Starting at the line below holding "Pros and cons: small" and stopping at the line holding "20000 • French", print every line exactly, both ends included, and leave the rest out.

*** Opening The input ***

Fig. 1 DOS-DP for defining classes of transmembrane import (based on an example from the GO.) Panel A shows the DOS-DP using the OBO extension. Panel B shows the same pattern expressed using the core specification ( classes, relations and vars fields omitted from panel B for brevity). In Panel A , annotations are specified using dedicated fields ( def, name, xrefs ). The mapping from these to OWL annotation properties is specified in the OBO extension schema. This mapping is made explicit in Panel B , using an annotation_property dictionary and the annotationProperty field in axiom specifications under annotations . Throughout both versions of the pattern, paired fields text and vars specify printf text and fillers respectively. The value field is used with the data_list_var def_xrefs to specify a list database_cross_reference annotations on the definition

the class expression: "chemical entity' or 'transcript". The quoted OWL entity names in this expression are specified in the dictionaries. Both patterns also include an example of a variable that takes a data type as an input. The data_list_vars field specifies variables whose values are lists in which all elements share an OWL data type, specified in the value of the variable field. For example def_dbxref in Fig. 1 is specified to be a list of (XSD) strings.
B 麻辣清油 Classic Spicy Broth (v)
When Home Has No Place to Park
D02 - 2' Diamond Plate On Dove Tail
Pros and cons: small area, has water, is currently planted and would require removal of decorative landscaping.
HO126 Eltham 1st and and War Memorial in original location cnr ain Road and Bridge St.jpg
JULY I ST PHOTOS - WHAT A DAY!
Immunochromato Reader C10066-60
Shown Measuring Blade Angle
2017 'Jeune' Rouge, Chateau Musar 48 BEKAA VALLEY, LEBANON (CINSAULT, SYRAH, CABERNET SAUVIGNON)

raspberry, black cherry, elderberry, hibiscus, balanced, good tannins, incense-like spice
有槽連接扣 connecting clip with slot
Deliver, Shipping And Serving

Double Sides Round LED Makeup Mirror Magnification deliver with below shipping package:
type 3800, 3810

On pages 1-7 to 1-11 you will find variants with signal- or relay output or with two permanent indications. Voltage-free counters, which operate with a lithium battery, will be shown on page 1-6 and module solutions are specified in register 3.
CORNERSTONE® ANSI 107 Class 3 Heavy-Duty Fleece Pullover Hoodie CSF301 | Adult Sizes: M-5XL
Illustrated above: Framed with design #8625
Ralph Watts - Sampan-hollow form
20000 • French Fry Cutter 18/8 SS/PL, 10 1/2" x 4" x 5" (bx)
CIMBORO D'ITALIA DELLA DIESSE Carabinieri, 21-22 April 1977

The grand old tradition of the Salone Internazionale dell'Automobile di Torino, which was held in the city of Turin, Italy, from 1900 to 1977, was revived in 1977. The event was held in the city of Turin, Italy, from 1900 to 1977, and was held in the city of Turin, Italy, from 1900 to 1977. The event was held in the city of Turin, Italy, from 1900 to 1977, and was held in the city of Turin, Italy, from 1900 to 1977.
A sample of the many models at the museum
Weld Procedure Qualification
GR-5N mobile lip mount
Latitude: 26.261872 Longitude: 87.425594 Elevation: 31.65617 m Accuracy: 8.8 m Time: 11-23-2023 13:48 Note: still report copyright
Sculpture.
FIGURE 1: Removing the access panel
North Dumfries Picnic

*** Closing The input ***

Result below:
Pros and cons: small area, has water, is currently planted and would require removal of decorative landscaping.
HO126 Eltham 1st and and War Memorial in original location cnr ain Road and Bridge St.jpg
JULY I ST PHOTOS - WHAT A DAY!
Immunochromato Reader C10066-60
Shown Measuring Blade Angle
2017 'Jeune' Rouge, Chateau Musar 48 BEKAA VALLEY, LEBANON (CINSAULT, SYRAH, CABERNET SAUVIGNON)

raspberry, black cherry, elderberry, hibiscus, balanced, good tannins, incense-like spice
有槽連接扣 connecting clip with slot
Deliver, Shipping And Serving

Double Sides Round LED Makeup Mirror Magnification deliver with below shipping package:
type 3800, 3810

On pages 1-7 to 1-11 you will find variants with signal- or relay output or with two permanent indications. Voltage-free counters, which operate with a lithium battery, will be shown on page 1-6 and module solutions are specified in register 3.
CORNERSTONE® ANSI 107 Class 3 Heavy-Duty Fleece Pullover Hoodie CSF301 | Adult Sizes: M-5XL
Illustrated above: Framed with design #8625
Ralph Watts - Sampan-hollow form
20000 • French Fry Cutter 18/8 SS/PL, 10 1/2" x 4" x 5" (bx)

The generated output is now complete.